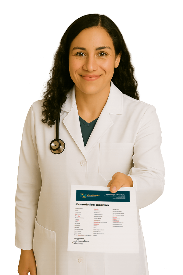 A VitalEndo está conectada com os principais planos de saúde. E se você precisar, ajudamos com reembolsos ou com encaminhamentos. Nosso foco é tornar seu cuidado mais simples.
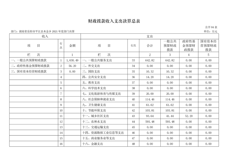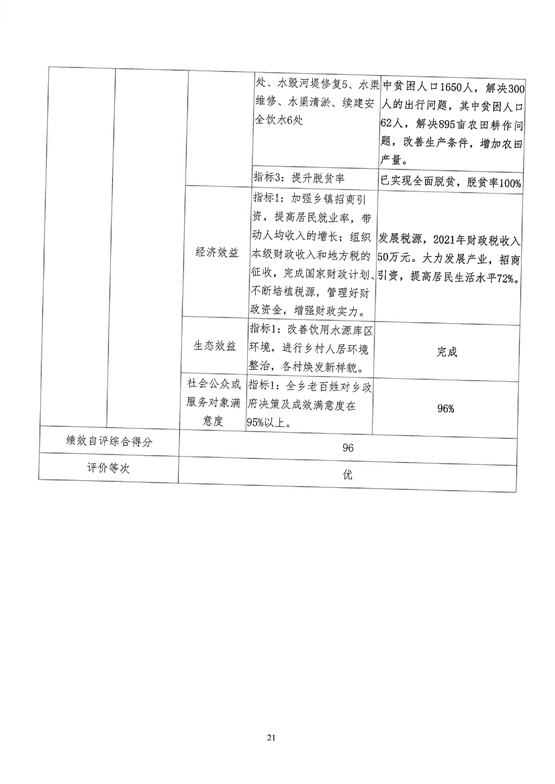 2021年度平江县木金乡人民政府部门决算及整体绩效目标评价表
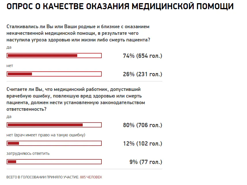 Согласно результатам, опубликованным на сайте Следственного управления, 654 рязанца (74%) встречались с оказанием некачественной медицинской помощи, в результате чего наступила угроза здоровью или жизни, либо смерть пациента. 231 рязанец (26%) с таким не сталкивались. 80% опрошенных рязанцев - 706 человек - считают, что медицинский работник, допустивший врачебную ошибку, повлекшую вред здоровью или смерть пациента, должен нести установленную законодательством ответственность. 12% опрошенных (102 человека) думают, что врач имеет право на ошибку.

┄┄┄┄┄┄┄┄┄┄

> **Assignment**:
Nothing but the lines from the one containing "2021年度平江县木金乡人民政府部门决算及整体绩效目标评价表" through the last line of the data should appear in the answer, copied exactly, with pictures excluded.

> **Reply to the exercise**:
 2021年度平江县木金乡人民政府部门决算及整体绩效目标评价表
 Согласно результатам, опубликованным на сайте Следственного управления, 654 рязанца (74%) встречались с оказанием некачественной медицинской помощи, в результате чего наступила угроза здоровью или жизни, либо смерть пациента. 231 рязанец (26%) с таким не сталкивались. 80% опрошенных рязанцев - 706 человек - считают, что медицинский работник, допустивший врачебную ошибку, повлекшую вред здоровью или смерть пациента, должен нести установленную законодательством ответственность. 12% опрошенных (102 человека) думают, что врач имеет право на ошибку.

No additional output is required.